- Task description: Leaving out every picture, copy the lines of the data exactly, from the first through the line containing "- In the Add".
BEGIN Provided material
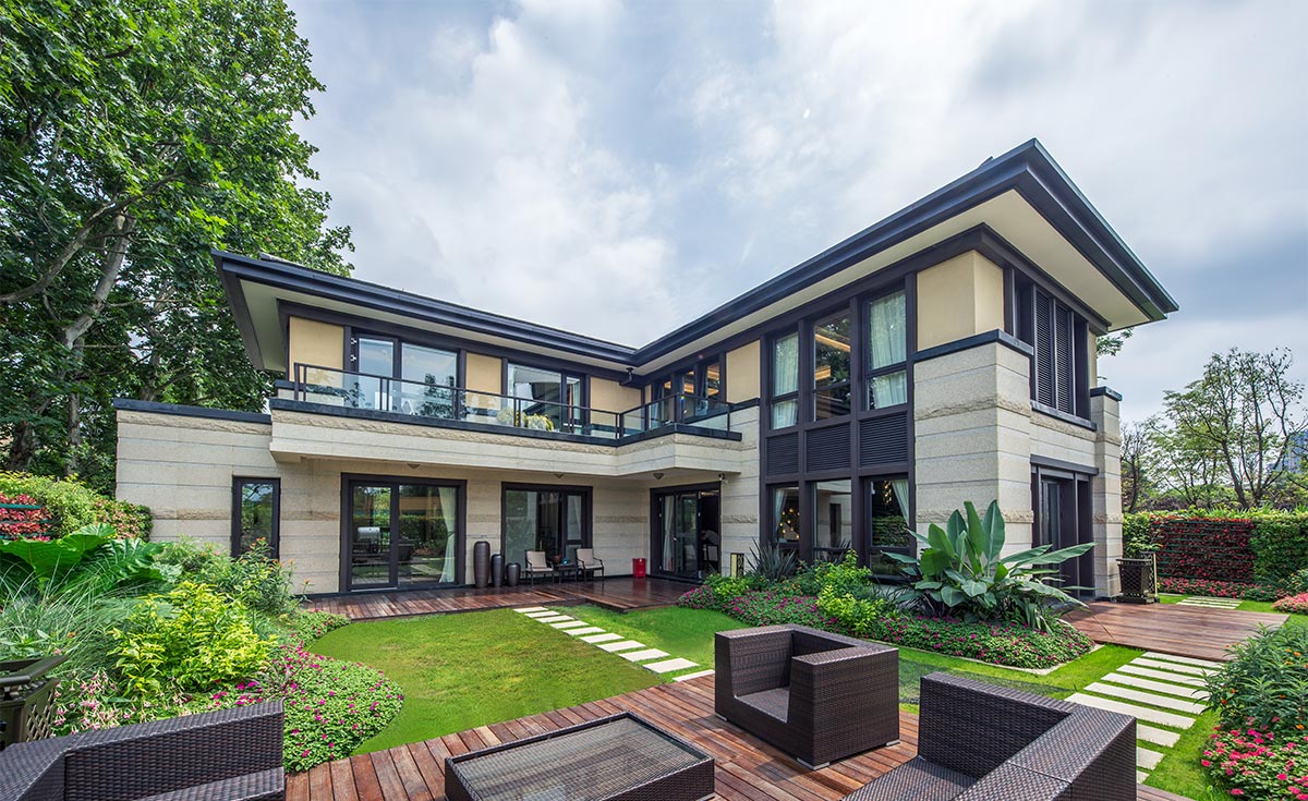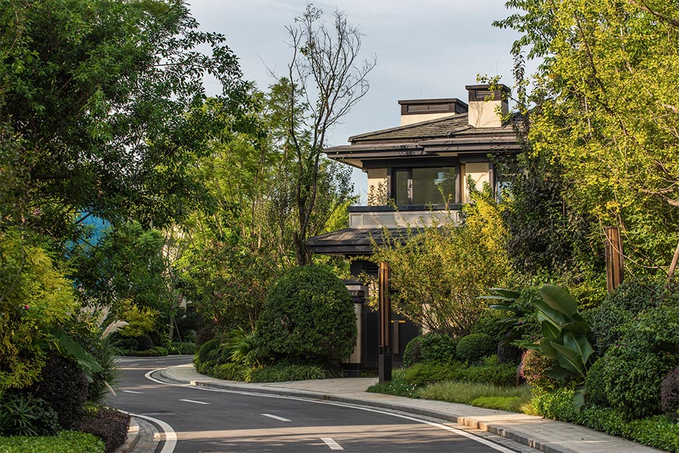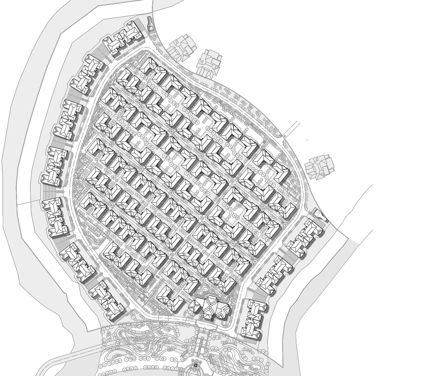 項目位于成都市金牛區(qū),為華僑城東岸六期地塊,三面臨水,南側(cè)為項目已建內(nèi)部道路。占地84,506平方米,有一層地下室,地面上由41棟2層住宅、10棟3層住宅和1棟2層服務(wù)用房構(gòu)成,總建筑面積:65,878平方米,其中地面以上30,000平方米 ,項目用地東西兩側(cè)靠景觀內(nèi)河,沿兩側(cè)布置大戶型住宅,保證大戶型住宅在小區(qū)中享有最大化的景觀資源,彰顯奢華品質(zhì);在用地中部打造內(nèi)聚性景觀,將較大戶型住宅作為一個組合整體布置于此;在中部與外側(cè)之間采用靈活的組合方式布置較小戶型住宅,充分利用外部景觀資源及自身的圍合景觀,使每戶均有良好的景觀朝向;在小區(qū)主入口設(shè)置商業(yè)用房,方便服務(wù)整個小區(qū)。
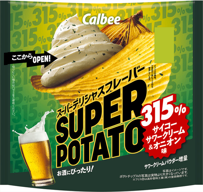 『スーパーポテト サイコーサワークリーム&オニオン味』は、通常の「サワークリーム&オニオン味」に比べ、サワークリームパウダーを315%配合した、サイコー(315)に濃厚な味わいが楽しめる厚切りポテトチップスです。これまでの「スーパーポテト」シリーズの中でも最大級に濃い味わいが特長で、通常の「サワークリーム&オニオン味」では物足りない濃い味好きのお客様のために開発しました。後味の旨みを引き出す香料「フリス(R)」を使うことで、旨みが食べ進めた後からグッと押し寄せます。内容量は通常の「サワークリーム&オニオン味」(56g)に比べて大容量(70g)で、パッケージは底面にマチを作ることで袋が自立し、倒れない“ながら食べ”にぴったりな包装形態としました。毎日お酒を飲んでストレスを発散している方々に、お酒のお供として楽しんでいただきたい商品です。
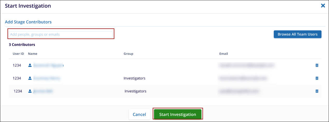 - In the Add Stage Contributors field, enter the name, group, or email address of the Sub-Investigator to add to the Investigation.
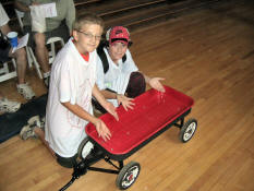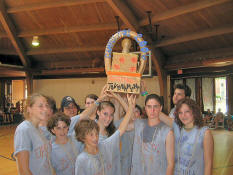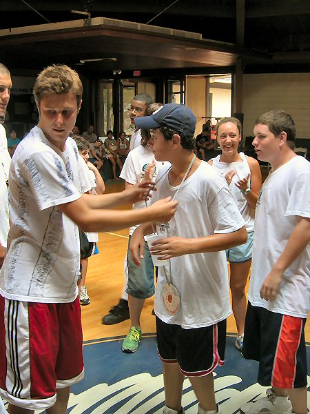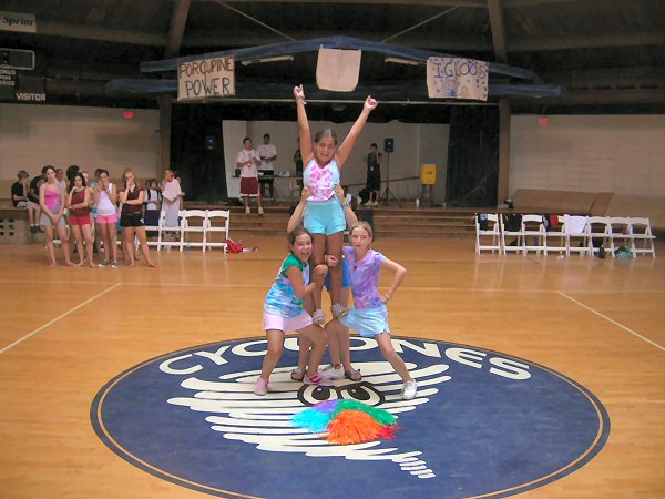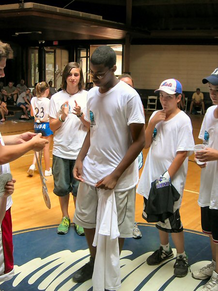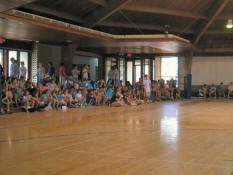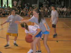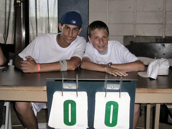 After a fabulous rendition of the national anthem by camper Marlena H. (whose picture we do not have due to web photo complications) the game began. |
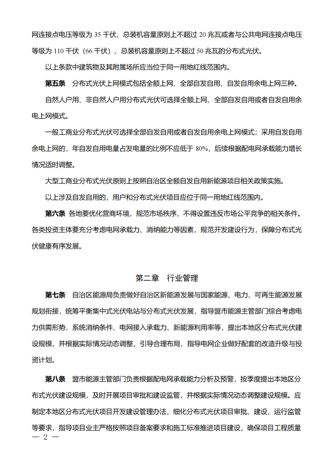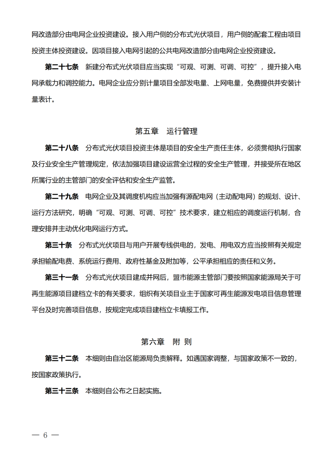6月20日,內蒙古自治區能源局發布關于印發《內蒙古自治區分布式光伏項目開發建設管理實施細則》的通知。文件明確,分布式光伏上網模式包括全額上網、全部自發自用、自發自用余電上網三種。 自然人戶用、非自然人戶用分布式光伏可選擇全額上網、全部自發自用或者自發自用余電上網模式。 一般工商業分布式光伏可選擇全部自發自用或者自發自用余電上網模式;采用自發自用余電上網的,年自發自用電量占發電量的比例不應低于80%,后續根據配電網承載能力增長情況適時調整。 大型工商業分布式光伏原則上按照自治區全額自發自用新能源項目相關政策實施。 以上涉及自發自用的,用戶和分布式光伏項目應位于同一用地紅線范圍內。 詳情如下: 內蒙古自治區能源局關于印發《內蒙古自治區分布式光伏項目開發建設管理實施細則》的通知 內能源發〔2025〕5號 各盟市能源局,有關盟市發展改革委,滿洲里、二連浩特市發展改革委,內蒙古電力公司、國網蒙東電力公司: 為落實好國家分布式光伏開發管理政策及自治區能源領域簡政放權有關要求,進一步規范全區分布式光伏開發和管理,自治區能源局結合全區分布式光伏發展實際,制定了《內蒙古自治區分布式光伏項目開發建設管理實施細則》,現印發你們,請認真執行。 此通知。 附件:內蒙古自治區分布式光伏項目開發建設管理實施細則 內蒙古自治區能源局 2025年6月20日
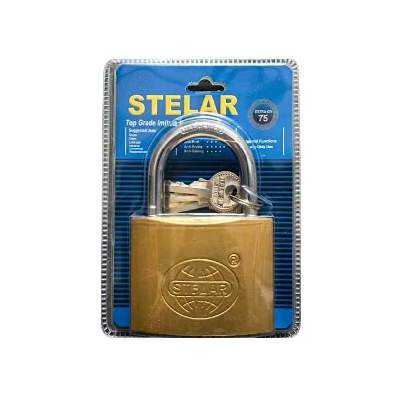 Lucchetto a collo corto 75mm con corpo in ottone e collo in acciaio. Include un set di chiavi per la chiusura sicura di porte e sportelli.
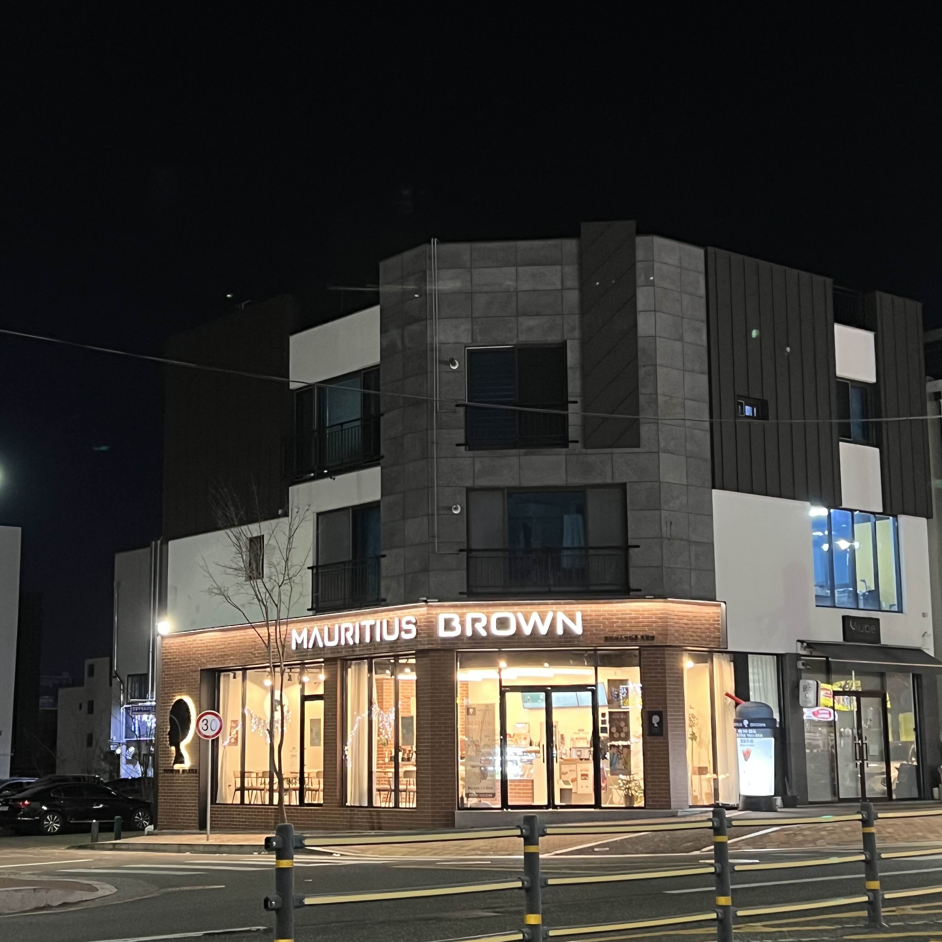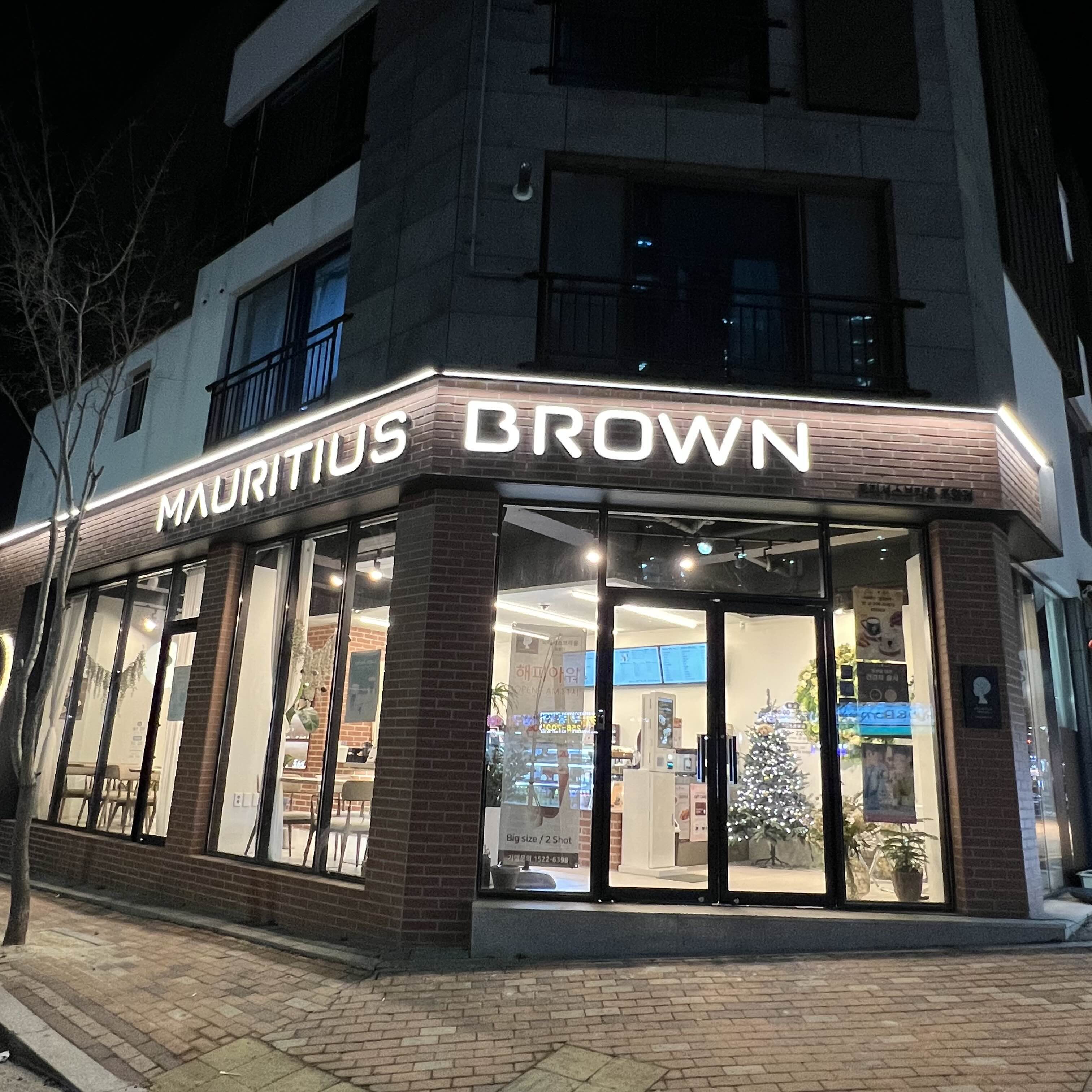 빨간 벽돌에 밝은 조명이 있어 멀리서 봐도 시선을 확 끄는 모리셔스브라운 포항점의 외부모습.
END Provided material
- Solution to the exercise:
 項目位于成都市金牛區(qū),為華僑城東岸六期地塊,三面臨水,南側(cè)為項目已建內(nèi)部道路。占地84,506平方米,有一層地下室,地面上由41棟2層住宅、10棟3層住宅和1棟2層服務(wù)用房構(gòu)成,總建筑面積:65,878平方米,其中地面以上30,000平方米 ,項目用地東西兩側(cè)靠景觀內(nèi)河,沿兩側(cè)布置大戶型住宅,保證大戶型住宅在小區(qū)中享有最大化的景觀資源,彰顯奢華品質(zhì);在用地中部打造內(nèi)聚性景觀,將較大戶型住宅作為一個組合整體布置于此;在中部與外側(cè)之間采用靈活的組合方式布置較小戶型住宅,充分利用外部景觀資源及自身的圍合景觀,使每戶均有良好的景觀朝向;在小區(qū)主入口設(shè)置商業(yè)用房,方便服務(wù)整個小區(qū)。
 『スーパーポテト サイコーサワークリーム&オニオン味』は、通常の「サワークリーム&オニオン味」に比べ、サワークリームパウダーを315%配合した、サイコー(315)に濃厚な味わいが楽しめる厚切りポテトチップスです。これまでの「スーパーポテト」シリーズの中でも最大級に濃い味わいが特長で、通常の「サワークリーム&オニオン味」では物足りない濃い味好きのお客様のために開発しました。後味の旨みを引き出す香料「フリス(R)」を使うことで、旨みが食べ進めた後からグッと押し寄せます。内容量は通常の「サワークリーム&オニオン味」(56g)に比べて大容量(70g)で、パッケージは底面にマチを作ることで袋が自立し、倒れない“ながら食べ”にぴったりな包装形態としました。毎日お酒を飲んでストレスを発散している方々に、お酒のお供として楽しんでいただきたい商品です。
 - In the Add Stage Contributors field, enter the name, group, or email address of the Sub-Investigator to add to the Investigation.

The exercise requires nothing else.